Londonwide LMC added that these dispersals were occurring without any management from NHS England, heaping pressure on stretched neighbouring practices and disadvantaging both patients who had to reregister and the existing practice population.
Dr Grewal added: ‘[Since PCT days] in terms of efficiency and the capacity to deliver a wider range of services, and lots of other reasons, small and single-handed practices are under the cosh, or at least under the microscope and then under the cosh.’
‘The dispersals are not even managed, it’s quite simply, patients are informed their practice is closing and they’re given a list of other practices within this area near where they live falls, and told to go along and register.

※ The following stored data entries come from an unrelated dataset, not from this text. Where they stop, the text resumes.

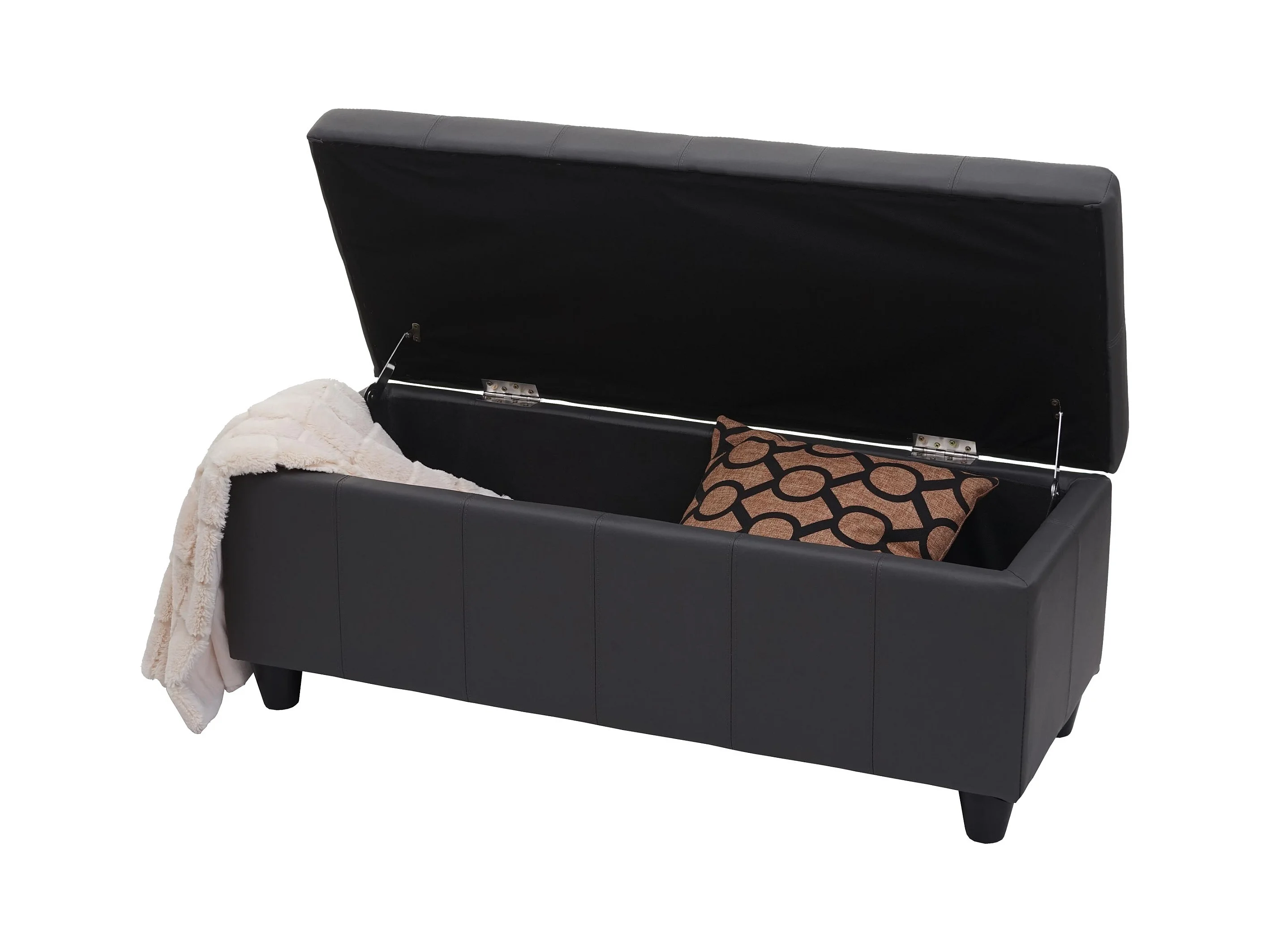 Banco tapizado con almacenaje,banco arcón de metal y madera de caucho 110x43x45cm
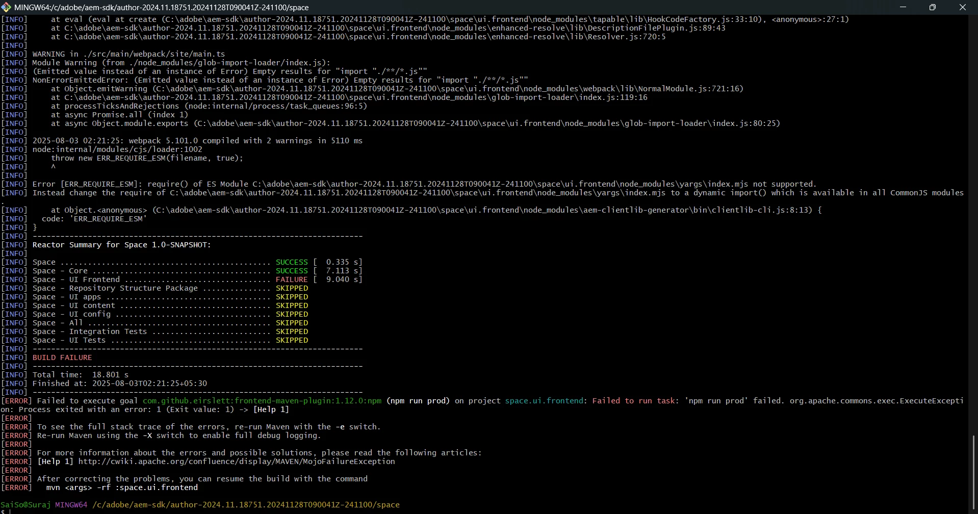 I'm encountering an issue while building my AEM project using the AEM SDK (cloud version). I followed all the steps as per the documentation, but the build keeps failing at the ui.frontend module.
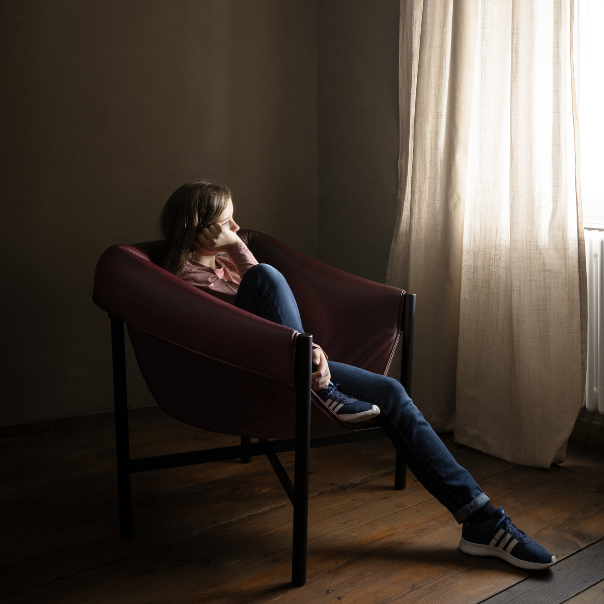 LOU (12) sits in a CHAIR by the window. A light breeze lifts the curtain. She has one leg pulled in, chin resting contemplatively in the palm of her hand. She does not see us.

Dr Grewal told Pulse the LMC was in discussions with NHS England about formalising processes in future, he said: ‘One of the things we are trying to do with NHS England, is to actually set up a proper policy for what happens when a practice may be at risk of closure, and also what happens when a practice closes as a matter urgency – as also happens.
‘If you go back to the days of PCTs, the individuals there actually had the expertise and the experience to understand all of the ramifications of a practice closure. Unfortunately, that is not necessarily the case in NHS England as it is at the moment.’
A spokesperson for NHS England London told Pulse: ‘When NHS England is made aware by a contractor that a contract is to be terminated our priority is to ensure patients continue to receive a consistent, high quality service, whether it is at their current surgery under a different provider or at a nearby practice.
‘A robust process is in place, which includes engagement with patients, the representative body for GPs, the local CCG and colleagues in the local authority to help inform our decision on next steps. There is no formula which NHS England applies as each case is determined on its individual merit.’
They added: ‘List size is one of the considerations. We’re also mindful of availability and suitability of premises, practice capacity and capability in the area of the vacancy generally, the geographic spread of the patients of the vacant practice, the health needs of the area and of course the views of patients, LMC, CCG and local authority colleagues.’